What I do like most Rui is that your work and presentation has never dropped an inch below the highest standards that you have already set over time.
Congrats mate!!


----------



## Racer (Oct 27, 2005)

Spyco said:


> What I do like most Rui is that your work and presentation has never dropped an inch below the highest standards that you have already set over time.
> Congrats mate!!


Thank you Spyco and yes i try all the time to do it better , i learn a lot each detail i do and my learning curve is always going up because for me we are always learning every single day. :thumb:


----------



## ben25 (Aug 15, 2012)

That finish is absolutely astounding! unbelievably good job. I'm curious though, how do you charge for 2 months work on a car like that? are there people who don't mind paying what it cost to get a car to that standard?


----------



## razorak (Jan 9, 2012)

another stunning job rui.

cheers from portugal.


----------



## Racer (Oct 27, 2005)

ben25 said:


> That finish is absolutely astounding! unbelievably good job. I'm curious though, how do you charge for 2 months work on a car like that? are there people who don't mind paying what it cost to get a car to that standard?

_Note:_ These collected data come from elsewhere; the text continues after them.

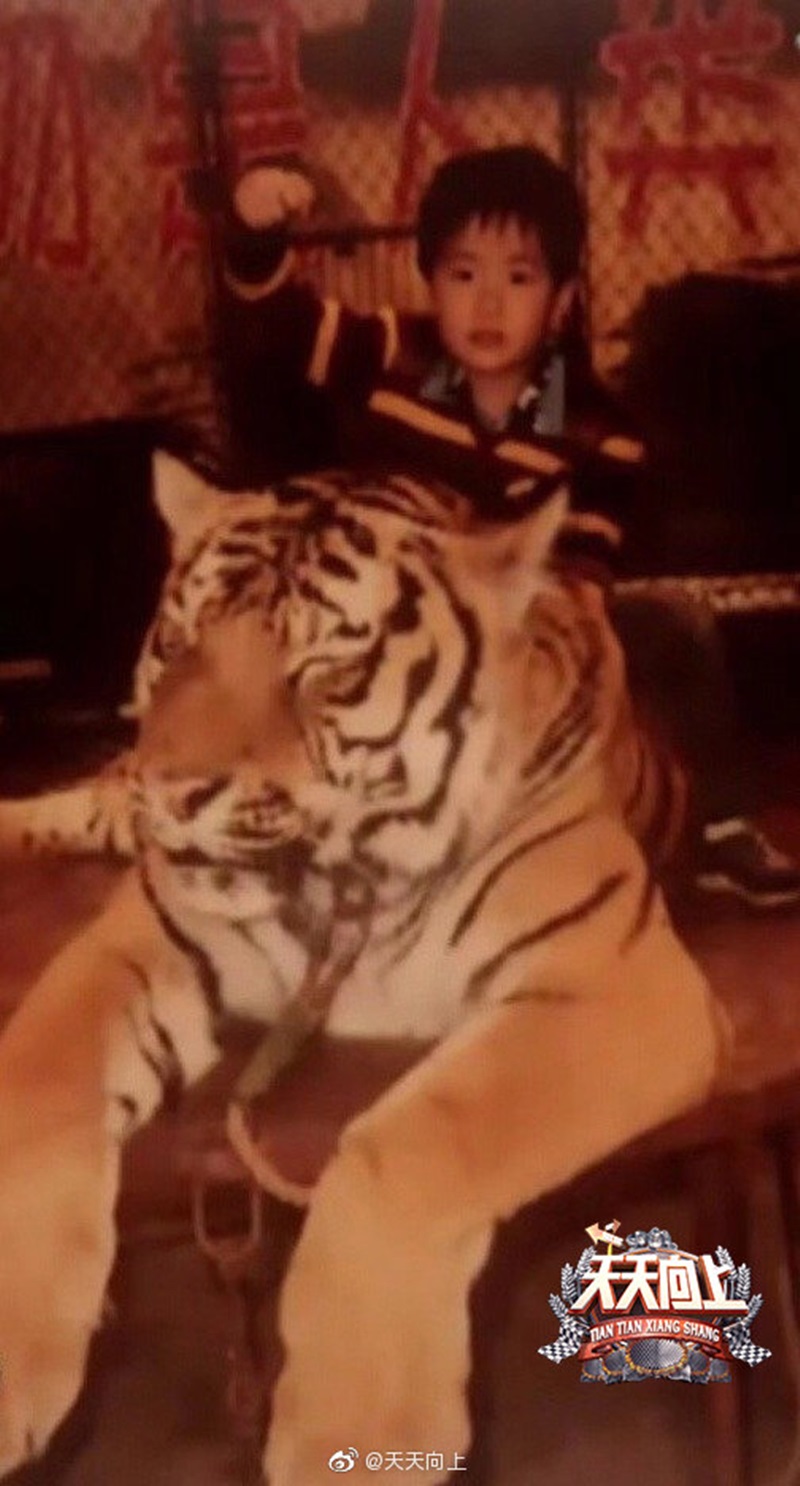 王一博小時候的膽量就很大了,竟敢和老虎近距離合照耶!
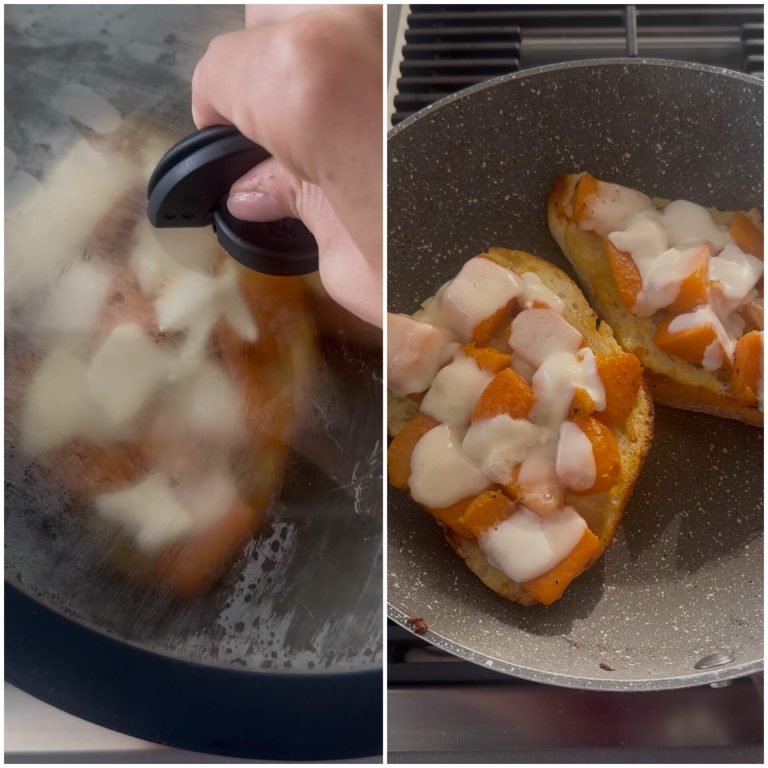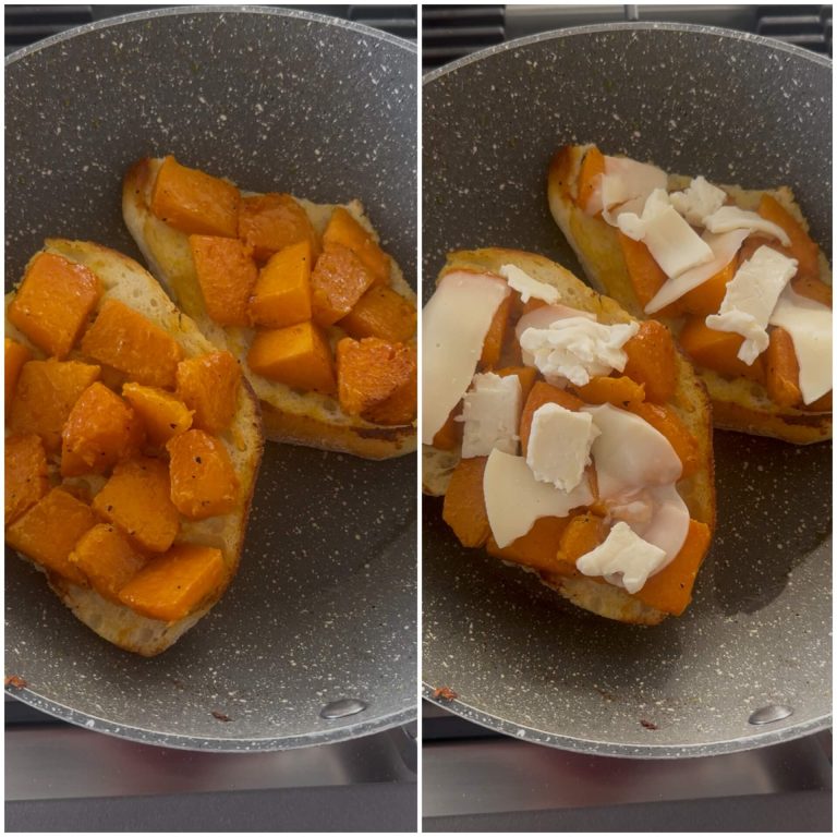 Si parte da una base di pane rustico, croccante fuori e morbido dentro, quello che profuma di forno e fa subito casa. Sopra, una generosa dose di zucca spadellata con olio e rosmarino, dolce e profumata, che si scioglie in bocca. Poi il taleggio (o la provola, se amate il gusto più deciso), che diventa filante e cremoso, pronto ad avvolgere ogni pezzetto di zucca in un abbraccio goloso.
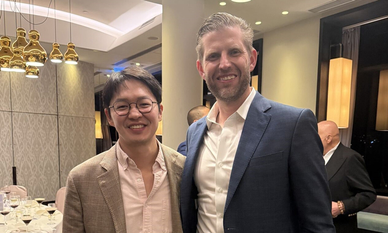 최 사장은 지난달 30일 자신의 소셜미디어(SNS) 채널에 에릭 트럼프와 함께 찍은 사진을 게시하고 그와 저녁을 함께 했다고 소개했다.
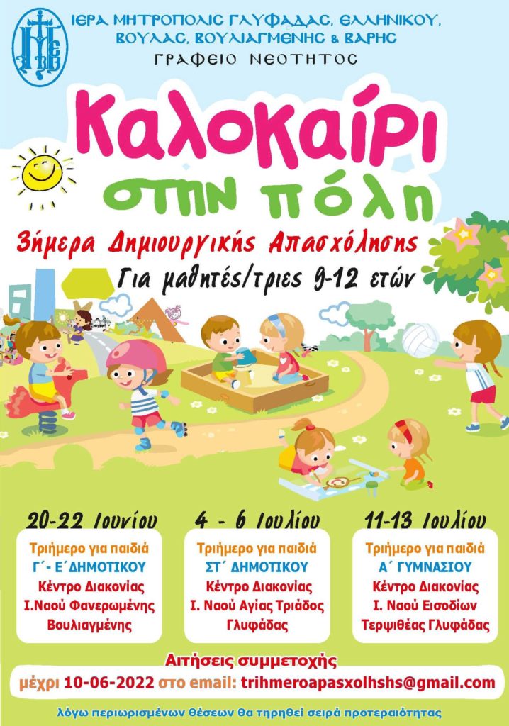 Η Ιερά Μητρόπολη Γλυφάδας διοργανώνει φέτος τρία «Τριήμερα Δημιουργικής Απασχόλησης» για μαθητές Γ΄ έως ΣΤ΄ Δημοτικού και Α ΄ Γυμνασίου. Σε κάθε τριήμερο θα συμμετέχουν μέχρι 20 παιδιά συνολικά.
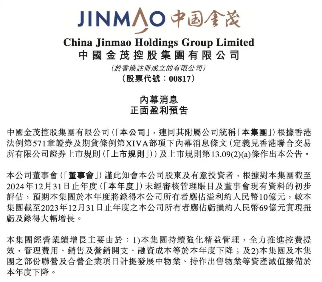 3月11日,金茂发布正面利润预测,股东应占溢价约10亿元。对于业绩的提升,金茂给出的解释是管理成本、营销成本、资金成本都在下降,记提较少。
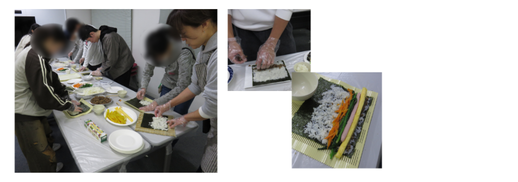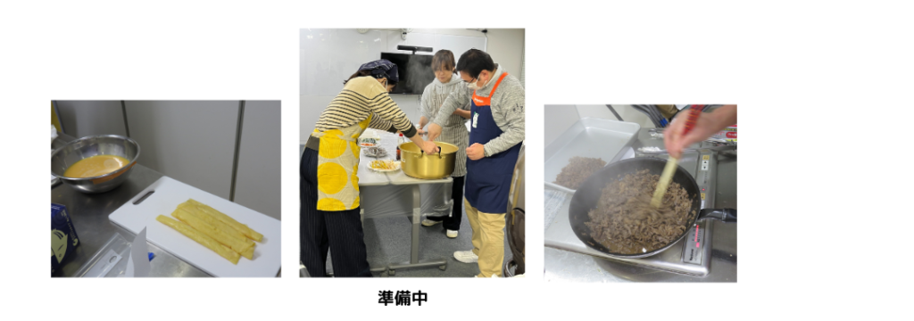 お昼は、株式会社パル・ミート様から今年もたくさんのお肉類を寄付していただき、その中の牛肉を使って、キンパ作りに挑戦。

*Well im not working 2 straight months on the car , i have the bodyshop service, parts , rimms refurbish, etc and the detail.
The owner pays my work and all other stuff , this one exceed 3xxx€ plus vat but the owner wanted a "new" car *



razorak said:


> another stunning job rui.
> 
> cheers from portugal.


*
Obrigado *


----------



## slrestoration (Nov 11, 2009)

Top turnaround as always Rui. 1st of the finished shots outside says it all :thumb:


----------



## Racer (Oct 27, 2005)

slrestoration said:


> Top turnaround as always Rui. 1st of the finished shots outside says it all :thumb:


Thank for your kind words :thumb:

Regards

Rui


----------



## matt_83 (Apr 28, 2009)

Great work and write up as ever! :thumb:


----------



## Racer (Oct 27, 2005)

matt_83 said:


> Great work and write up as ever! :thumb:


Thank you Matt and this one is going to be posted here in a couple of days time.


























Regards

Rui


----------



## DMH-01 (Mar 29, 2011)

Cracking job there Rui :thumb:


----------



## azeem1 (Nov 29, 2012)

this is something amazing!


----------



## Racer (Oct 27, 2005)

DMH-01 said:


> Cracking job there Rui :thumb:





azeem1 said:


> this is something amazing!


Thanks guys and in a few days the report will be online here


----------



## TopSport+ (Jul 22, 2012)

awesome!


----------



## -Jamie- (Nov 6, 2012)

Wow, Amazing turnaround on that! Great work


----------



## Wax-IT.be (Feb 3, 2011)

Great work as always! It's brandnew again..


----------



## Racer (Oct 27, 2005)

TopSport+ said:


> awesome!





-Jamie- said:


> Wow, Amazing turnaround on that! Great work





Wax-IT.be said:


> Great work as always! It's brandnew again..


Thank you Guys :thumb:


----------



## Miguel Pestana (Feb 16, 2012)

top job as usual :thumb:


----------



## Racer (Oct 27, 2005)

Miguel Pestana said:


> top job as usual :thumb:


Miguel

Wait and you will see the post 

Thank you

Regards

Rui


----------



## Daffyplum (Mar 29, 2010)

Awesome transformation. Love these!


----------



## MidlandsCarCare (Feb 18, 2006)

Rui,

That is nothing short of spectacular as always. 

Simply astonishing finish.

Russ.


----------



## Black.MB (Aug 22, 2012)

Top work, fantastic transformation, amazing reflections:thumb:


----------



## Racer (Oct 27, 2005)

Daffyplum said:


> Awesome transformation. Love these!





MidlandsCarCare said:


> Rui,
> 
> That is nothing short of spectacular as always.
> 
> ...





Black.MB said:


> Top work, fantastic transformation, amazing reflections:thumb:


*Thank you guys :thumb:*


----------



## Luis (Sep 10, 2012)

Fantastic Rui


----------



## Racer (Oct 27, 2005)

Luis said:


> Fantastic Rui


Obrigado Luís


----------